**Exercise brief**
Search the entries below for "campanya" and copy each matching line.

**Exercise data**
·····

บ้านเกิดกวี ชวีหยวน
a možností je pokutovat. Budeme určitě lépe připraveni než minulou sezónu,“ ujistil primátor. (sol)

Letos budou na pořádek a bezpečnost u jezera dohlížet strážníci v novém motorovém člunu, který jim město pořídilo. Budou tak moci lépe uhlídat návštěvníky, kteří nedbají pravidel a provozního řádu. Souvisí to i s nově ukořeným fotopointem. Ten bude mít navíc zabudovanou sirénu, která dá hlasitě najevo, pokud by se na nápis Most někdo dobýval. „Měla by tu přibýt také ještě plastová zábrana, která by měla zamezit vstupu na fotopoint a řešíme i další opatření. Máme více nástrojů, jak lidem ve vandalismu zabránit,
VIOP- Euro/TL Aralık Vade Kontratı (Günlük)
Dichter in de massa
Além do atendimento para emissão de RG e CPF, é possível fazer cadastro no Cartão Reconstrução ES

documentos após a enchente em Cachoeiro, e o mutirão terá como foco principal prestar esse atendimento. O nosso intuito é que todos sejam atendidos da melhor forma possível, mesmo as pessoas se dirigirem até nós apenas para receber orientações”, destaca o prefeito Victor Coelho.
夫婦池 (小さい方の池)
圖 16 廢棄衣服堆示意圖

·····

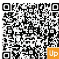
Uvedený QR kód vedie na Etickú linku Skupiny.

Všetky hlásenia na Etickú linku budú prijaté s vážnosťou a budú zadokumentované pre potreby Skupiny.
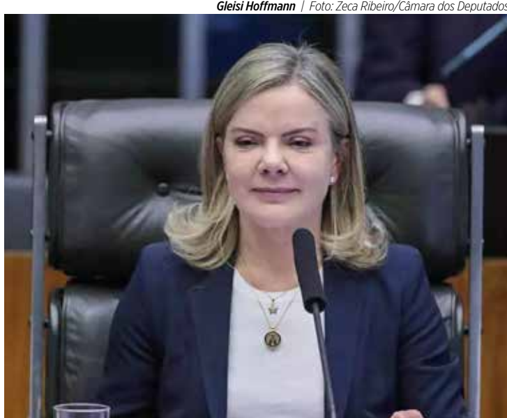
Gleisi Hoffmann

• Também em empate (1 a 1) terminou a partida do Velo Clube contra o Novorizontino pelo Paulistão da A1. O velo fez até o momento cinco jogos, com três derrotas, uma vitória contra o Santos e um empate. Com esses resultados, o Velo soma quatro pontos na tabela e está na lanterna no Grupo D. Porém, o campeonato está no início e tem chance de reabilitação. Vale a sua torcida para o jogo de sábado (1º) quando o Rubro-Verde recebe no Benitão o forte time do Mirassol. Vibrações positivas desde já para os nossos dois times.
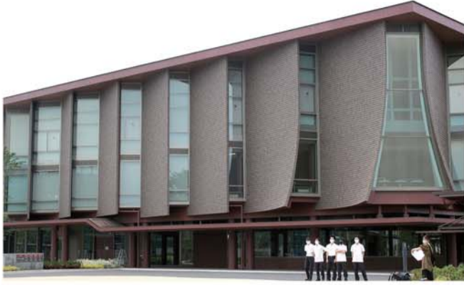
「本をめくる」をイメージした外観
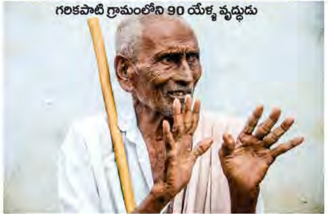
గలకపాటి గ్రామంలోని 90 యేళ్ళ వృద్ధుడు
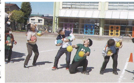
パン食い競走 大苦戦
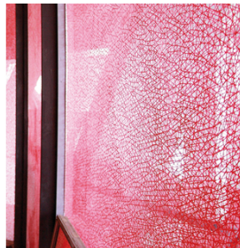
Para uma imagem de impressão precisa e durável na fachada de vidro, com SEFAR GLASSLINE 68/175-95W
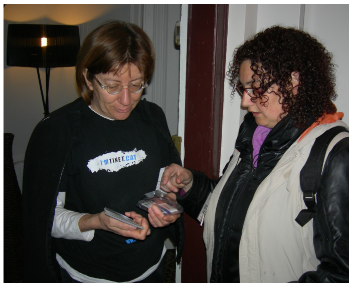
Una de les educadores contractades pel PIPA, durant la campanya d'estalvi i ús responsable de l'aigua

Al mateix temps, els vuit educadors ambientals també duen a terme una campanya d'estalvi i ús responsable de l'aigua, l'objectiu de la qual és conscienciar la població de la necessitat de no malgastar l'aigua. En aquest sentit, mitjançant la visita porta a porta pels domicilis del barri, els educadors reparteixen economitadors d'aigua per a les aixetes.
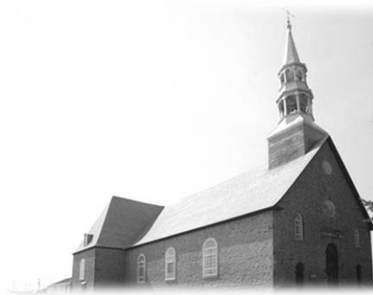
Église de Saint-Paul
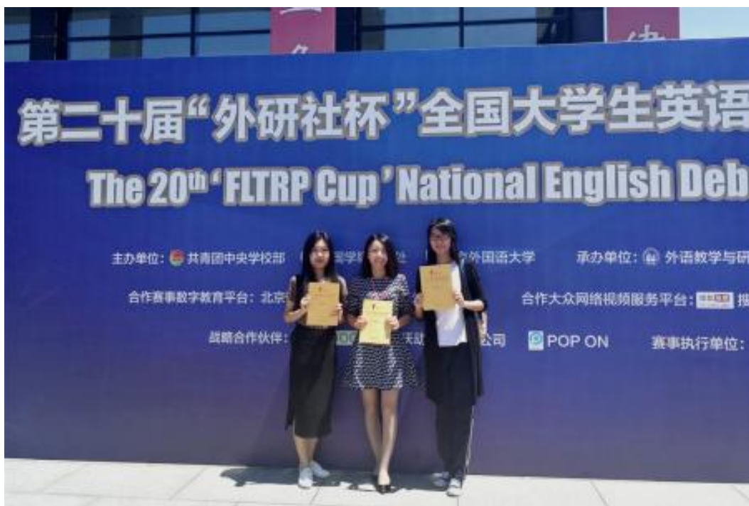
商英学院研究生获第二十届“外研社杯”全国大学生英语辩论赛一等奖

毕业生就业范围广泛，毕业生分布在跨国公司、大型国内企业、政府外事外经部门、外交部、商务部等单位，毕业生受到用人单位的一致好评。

·····

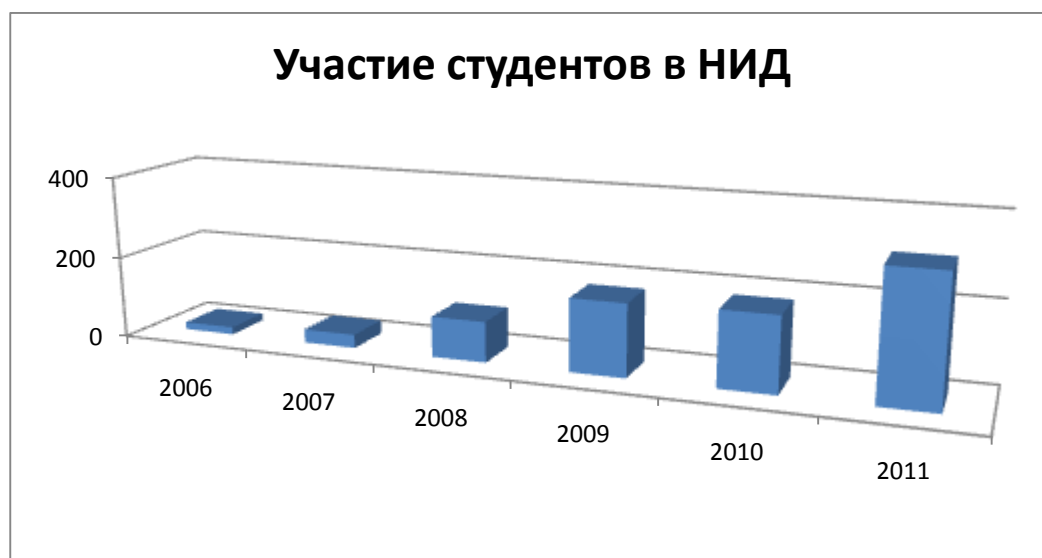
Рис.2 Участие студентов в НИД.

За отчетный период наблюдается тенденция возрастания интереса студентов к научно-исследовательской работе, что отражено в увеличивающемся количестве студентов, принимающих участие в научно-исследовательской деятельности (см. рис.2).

·····

**Expected answer**
Una de les educadores contractades pel PIPA, durant la campanya d'estalvi i ús responsable de l'aigua
Al mateix temps, els vuit educadors ambientals també duen a terme una campanya d'estalvi i ús responsable de l'aigua, l'objectiu de la qual és conscienciar la població de la necessitat de no malgastar l'aigua. En aquest sentit, mitjançant la visita porta a porta pels domicilis del barri, els educadors reparteixen economitadors d'aigua per a les aixetes.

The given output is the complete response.